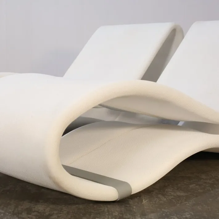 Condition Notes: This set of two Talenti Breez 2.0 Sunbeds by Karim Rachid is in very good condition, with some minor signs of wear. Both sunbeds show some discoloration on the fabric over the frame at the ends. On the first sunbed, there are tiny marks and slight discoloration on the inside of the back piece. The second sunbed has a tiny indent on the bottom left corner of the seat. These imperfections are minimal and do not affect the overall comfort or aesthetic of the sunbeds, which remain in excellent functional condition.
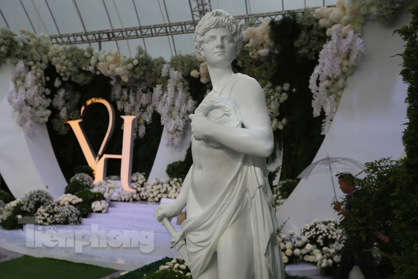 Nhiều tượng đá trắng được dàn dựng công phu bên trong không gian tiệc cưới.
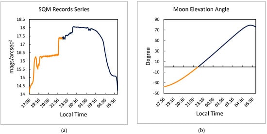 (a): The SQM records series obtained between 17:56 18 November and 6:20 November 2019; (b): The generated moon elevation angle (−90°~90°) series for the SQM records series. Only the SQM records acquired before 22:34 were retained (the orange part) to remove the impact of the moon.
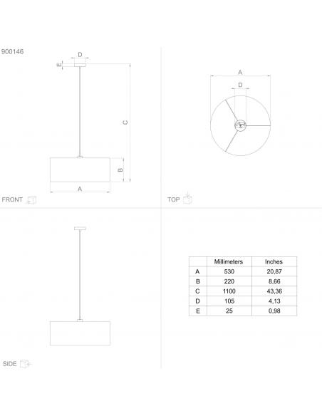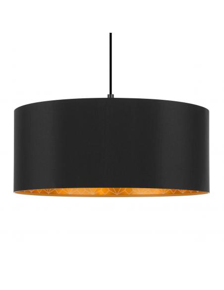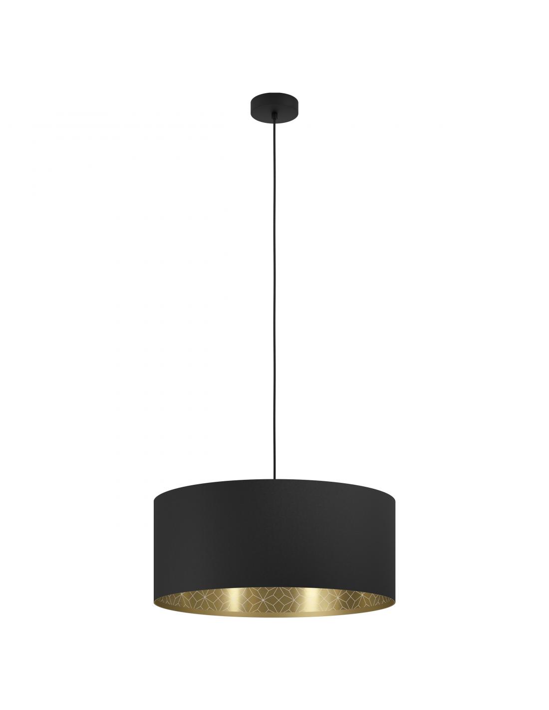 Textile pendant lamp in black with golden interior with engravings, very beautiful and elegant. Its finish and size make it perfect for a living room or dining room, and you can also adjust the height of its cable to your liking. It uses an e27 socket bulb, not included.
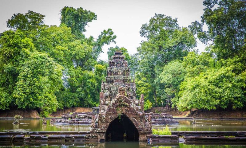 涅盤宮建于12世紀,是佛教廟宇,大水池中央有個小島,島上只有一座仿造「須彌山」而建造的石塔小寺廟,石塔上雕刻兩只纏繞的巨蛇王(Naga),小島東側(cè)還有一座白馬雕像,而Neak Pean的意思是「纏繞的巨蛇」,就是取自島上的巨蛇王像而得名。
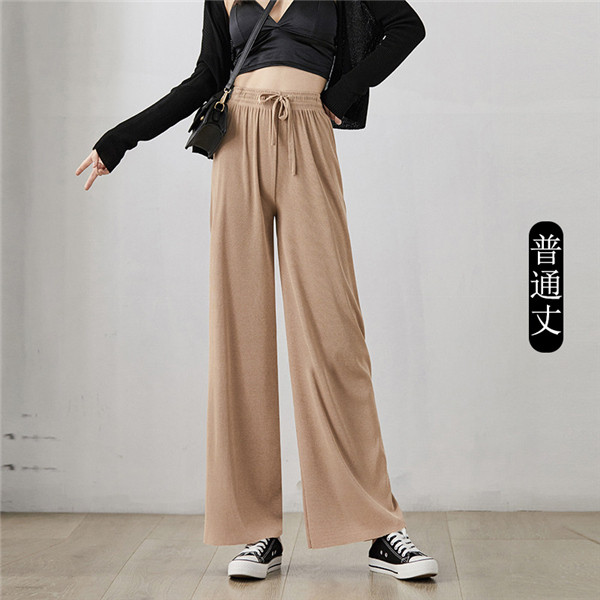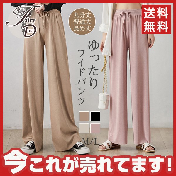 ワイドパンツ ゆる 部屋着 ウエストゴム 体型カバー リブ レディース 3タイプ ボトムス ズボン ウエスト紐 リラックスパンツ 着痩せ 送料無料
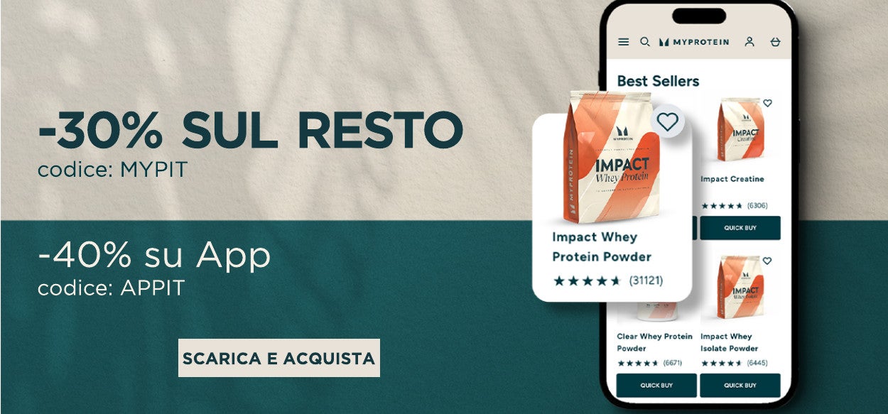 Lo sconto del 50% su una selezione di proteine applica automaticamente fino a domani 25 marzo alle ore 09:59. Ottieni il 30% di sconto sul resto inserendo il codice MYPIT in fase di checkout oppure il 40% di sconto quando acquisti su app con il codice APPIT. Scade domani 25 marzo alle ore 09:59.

────────────────────────────────────────

◆ REQUIRED WORK ◆
Nothing but the lines from the line containing "涅盤宮建于12世紀,是佛教廟" through the end of the data, both ends included, is to be reproduced, exactly as written and without the pictures.

◆ ANSWER SPACE ◆
 涅盤宮建于12世紀,是佛教廟宇,大水池中央有個小島,島上只有一座仿造「須彌山」而建造的石塔小寺廟,石塔上雕刻兩只纏繞的巨蛇王(Naga),小島東側(cè)還有一座白馬雕像,而Neak Pean的意思是「纏繞的巨蛇」,就是取自島上的巨蛇王像而得名。
 ワイドパンツ ゆる 部屋着 ウエストゴム 体型カバー リブ レディース 3タイプ ボトムス ズボン ウエスト紐 リラックスパンツ 着痩せ 送料無料
 Lo sconto del 50% su una selezione di proteine applica automaticamente fino a domani 25 marzo alle ore 09:59. Ottieni il 30% di sconto sul resto inserendo il codice MYPIT in fase di checkout oppure il 40% di sconto quando acquisti su app con il codice APPIT. Scade domani 25 marzo alle ore 09:59.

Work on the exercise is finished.